MMATR: A lightweight approach for Multimodal Sentiment Analysis based on tensor methods
Panagiotis Koromilas (University of Athens); Mihalis A Nicolaou (The Cyprus Institute); Theodoros Giannakopoulos (NCSR Demokritos); Yannis Panagakis (University of Athens)
-
SPS
IEEE Members: $11.00
Non-members: $15.00
Despite the considerable research output on Multimodal Learning for Affect-related tasks, most of the current methods are very complex in terms of the number of trainable parameters, and thus do not constitute effective solutions for real-life applications.

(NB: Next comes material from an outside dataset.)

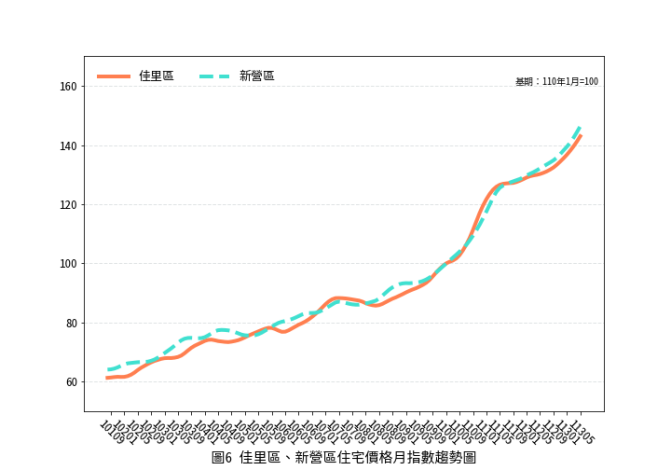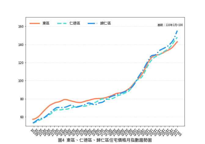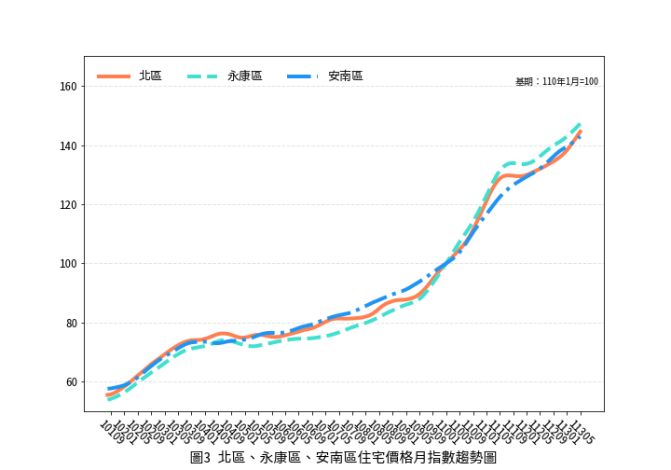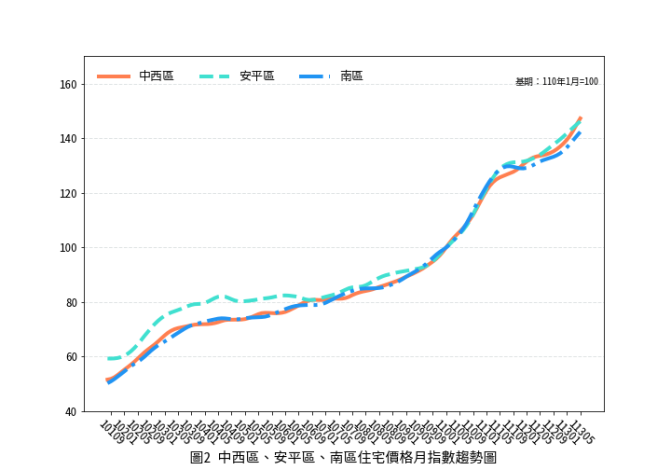 進一步觀察各行政區住宅價格指數表現,各行政區價格指數較前期以及去年同期均呈現微幅上漲情形,其中歸仁區漲幅最高,與前期相較微幅上漲1.80%,其次為新市區以及中西區,分別微幅上漲1.66%和1.43%。若與去年同期相較,漲幅最高的前三個行政區依次為歸仁區、仁德區以及新營區,分別上漲13.08%、11.43%以及10.80%,顯示在重大開發計畫的加持下,區域房市需求熱絡,價格也呈現穩定小幅上揚。而安南區價格指數漲勢逐漸趨緩,本期僅微幅上漲0.65%。綜觀南科區域住宅價格指數仍穩定上升,本期指數微幅上漲1.11%,較去年同期亦小幅上漲9.07%。

In this work we try to alleviate this gap in the literature by introducing the Multimodal Attention Tensor Regression (MMATR) network, a lightweight model that is based on: (i) a static input representation (2D matrix of dimensions time $\times$ features) for each modality, which helps to avoid high-parameterized sequential models by incorporating a CNN, (ii) the replacement of the usual pooling and flattening operations as well as the linear layers by tensor contraction and tensor regression layers that are able to reduce the number of parameters, while keeping the high-order structure of the multimodal data, and (iii) a bimodal attention layer that learns multimodal co-occurrences. By a set of experiments comparing with a variety of state-of-the-art techniques, we show that the proposed MMATR can achieve results competitive to the state-of-the-art in the task of Multimodal Sentiment Analysis, albeit having four orders of magnitude fewer parameters.